Flax NNX (2024): new API with reference semantics, mutable modules, more PyTorch-like ergonomics. Becoming the default for new code.
DeepMind's Haiku is the older alternative; in maintenance, with internal teams migrating to Flax NNX.
Tunix — post-training
Google's JAX-native library for LLM post-training (SFT, RLHF, DPO, GRPO). Released 2024; actively developed. The TPU answer to TRL and OpenRLHF in the GPU world.
Reference: Barham, Dean, Ghemawat et al., "Pathways: Asynchronous Distributed Dataflow for ML", MLSys 2022, arXiv:2203.12533.
Authors include Jeff Dean and Sanjay Ghemawat — the architects of Google search itself.
One Python client → thousands of TPU workers across multiple pods.

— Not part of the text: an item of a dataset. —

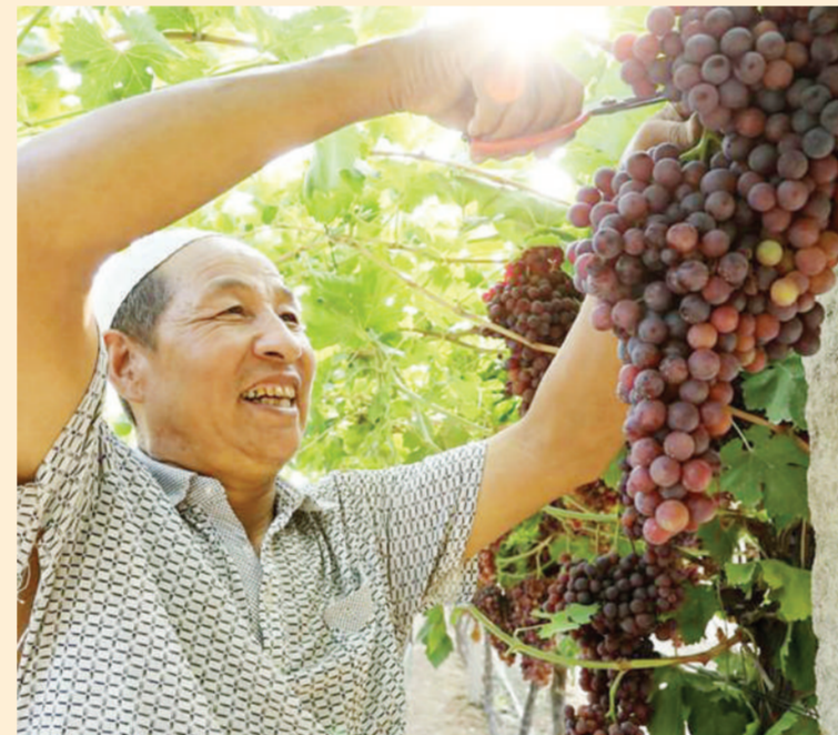
A farmer harvests grapes at a plantation in Shuanghe, Xinjiang, in September 2021. (File photo)

"The United States has always portrayed itself as a 'human rights judge' and 'human rights defender'. But the fact is the country has serious problems of enforced disappearances and a poor human

Trained PaLM 540B on 6,144 TPU v4 chips across multiple pods.
Now exposed externally as Pathways on Cloud.
Multislice
Cloud TPU feature, announced August 2023.
Lets a single training job span multiple TPU slices over Jupiter DCN.
Inside each slice: high-bandwidth ICI.
Between slices: Jupiter DCN at microsecond latency.
Required for any training that exceeds one pod's chip count.
Available on v4, v5e, v5p, Trillium, Ironwood.
Cloud TPU provisioning APIs
Cloud TPU VM: SSH-able host attached to TPU chips. The modern API (replaced "TPU Node").
Queued Resources: async request for a slice shape; queue waits until capacity is free.
GKE TPU node pools: TPUs as Kubernetes resources, with multi-host slice support since GKE 1.27.2-gke.1500.
Pathways on Cloud: for jobs that exceed one slice or need async resharding.
12
Cheat Sheet
XLA (Feb 2017): Google's ML compiler. Turns ML programs into TPU/GPU/CPU code via two IRs — StableHLO (portable) and HLO (target-independent middle-end).
HLO ops: ~100, statically-shaped immutable tensors. Operator fusion + layout assignment do most of the perf work.